Segundo a versão da Polícia Militar do Ceará (PMCE) sobre o caso, "equipes da Força Tática do 17º Batalhão de Polícia Militar (17º BPM) atenderam a uma ocorrência no bairro Conjunto Ceará, em Fortaleza, envolvendo um homem de 37 anos".
"A equipe foi acionada, via Coordenadoria Integrada de Operações de Segurança (Ciops), com a informação de que o indivíduo estava agredindo várias pessoas, incluindo seu pai, além de danificar um veículo. Durante a abordagem, o suspeito investiu contra os policiais e tentou tomar a arma de um dos agentes", continuou a PMCE, em nota.
A Corporação acrescentou que, "diante da gravidade da situação, outras equipes policiais foram mobilizadas para conter o agressor. Durante a contenção, um policial militar sofreu lesões".
Ainda segundo a Polícia Militar, o suspeito foi levado a uma Unidade de Pronto Atendimento (UPA), onde recebeu atendimento médico sob escolta policial, e o caso foi apresentado no 32º Distrito Policial (32º DP), da Polícia Civil do Ceará (PCCE), onde o homem foi autuado por lesão corporal, dano e desacato.
A investigação policial resultou em denúncia do Ministério Público do Ceará (MPCE) contra o servidor público Carlos Fábio Mendonça de Araújo por duas lesões corporais, um dano qualificado (com violência à pessoa ou grave ameaça) e resistência, apresentada à Justiça no dia 26 de fevereiro último. A denúncia foi recebida pela 13ª Vara Criminal da Comarca de Fortaleza e o acusado virou réu, dois dias depois.
Conforme a denúncia do MPCE, um homem "relatou aos policiais que um homem havia subido em seu carro e começado a pular, momento em que desceu do veículo e o referido homem o agrediu, tendo o filho da vítima tentado intervir para contê-lo. Foi constatado que o infrator ainda estava nas proximidades, sendo perseguido por populares".
A Polícia Militar foi acionada e começou a perseguição ao suspeito, pelas ruas do bairro Conjunto Ceará. Carlos Fábio teria tentado pegar a arma de um policial, o que motivou a outro PM efetuar um disparo de arma não letal.
O Ministério Público narra ainda que outra composição policial abordou o suspeito na Avenida G, "mas novamente o indivíduo desobedeceu e avançou contra o policial para agredi-lo". Como resposta, um PM "efetuou disparo de arma letal na perna do infrator, que, mesmo assim, desobedeceu a ordem de parada e saiu correndo".
"Mais à frente, o acusado foi abordado novamente e recebeu voz de prisão, tendo a composição policial necessitado utilizar de força para algemá-lo, pois estava bastante violento e incontrolável.
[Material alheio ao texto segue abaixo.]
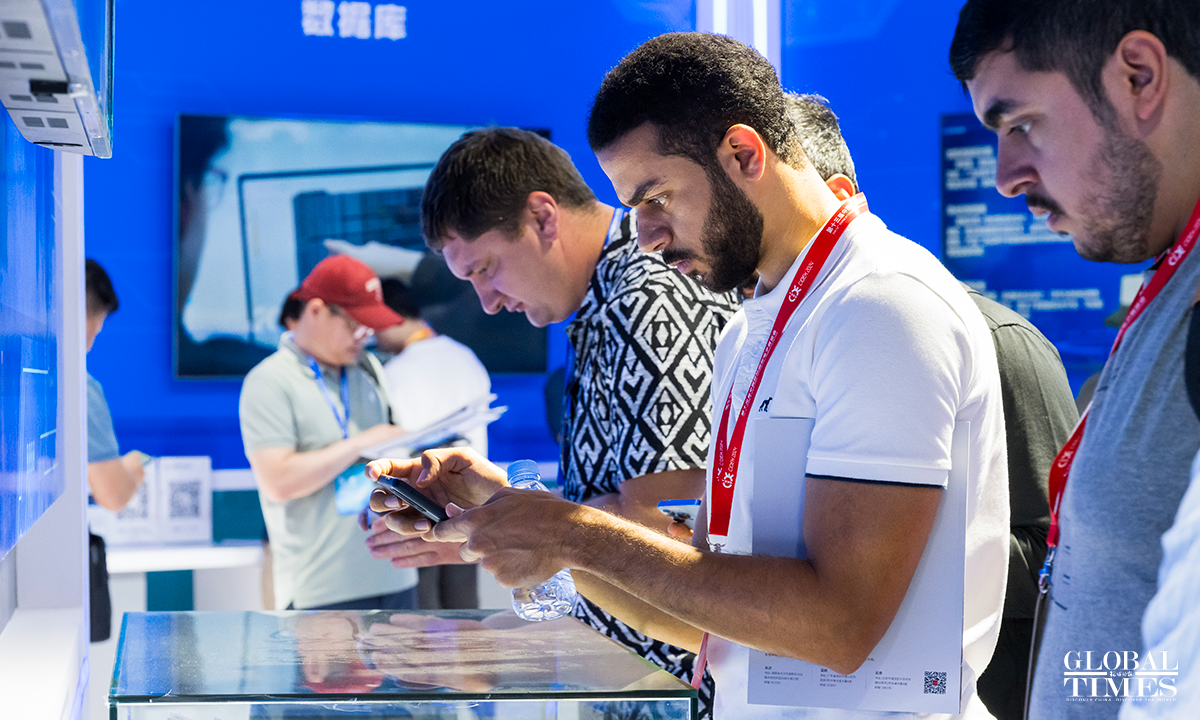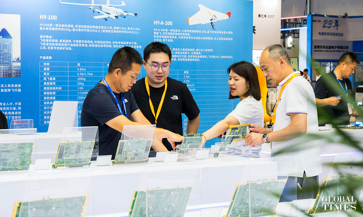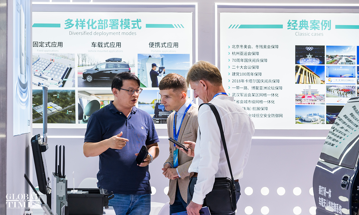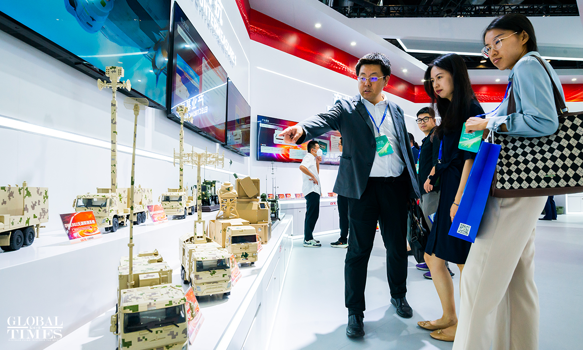 Foreign visitors talk to Chinese exhibitors at the 13th China International Defence Electronics Exhibition which opened at the China National Convention Center in Beijing on June 26, 2024. The exhibition covers an area of nearly 30,000 square meters, with almost 400 companies participating. Photo: Chen Tao/GT figcaption >

Posteriormente, os policiais tomaram conhecimento de que o acusado era faixa preta de Jiu Jitsu e que tinha agredido vários transeuntes, tendo também sofrido algumas lesões praticadas por populares."
Apesar da denúncia criminal, o Ministério Público do Ceará solicitou à Justiça a instauração de Incidente de Insanidade Mental, para verificar se o acusado tem doença mental, o que pode torná-lo penalmente inimputável (ou seja, ele pode não ter a compreensão do ato ilícito cometido). A 13ª Vara Criminal acolheu o pedido e instaurou o Incidente, no dia 28 de fevereiro deste ano.
O MPCE indicou que "há indícios de que Carlos Fábio seja portador de transtornos psiquiátricos, já tendo passado por internamentos e tratamentos medicamentosos".
Conforme a decisão judicial, "basta a dúvida sobre a integridade mental do acusado, como consta expressamente do art. 149 do CPP. No presente caso, a dúvida existe, haja vista não haver nos autos qualquer Laudo Pericial acerca da doença mental indiciado".
A Perícia Forense do Ceará (Pefoce) agendou o Exame Pericial Psiquiátrico de Carlos Fábio Mendonça de Araújo para o dia 21 de janeiro de 2026, daqui a mais de 9 meses. "Estamos cientes da prioridade e que a data escolhida é a mais breve possível na agenda deste Setor de Psiquiatria da Pefoce, que se encontra com elevadíssima demanda judicial e quadro reduzido de peritos", justificou o auxiliar de perícia do Setor de Psiquiatria Forense.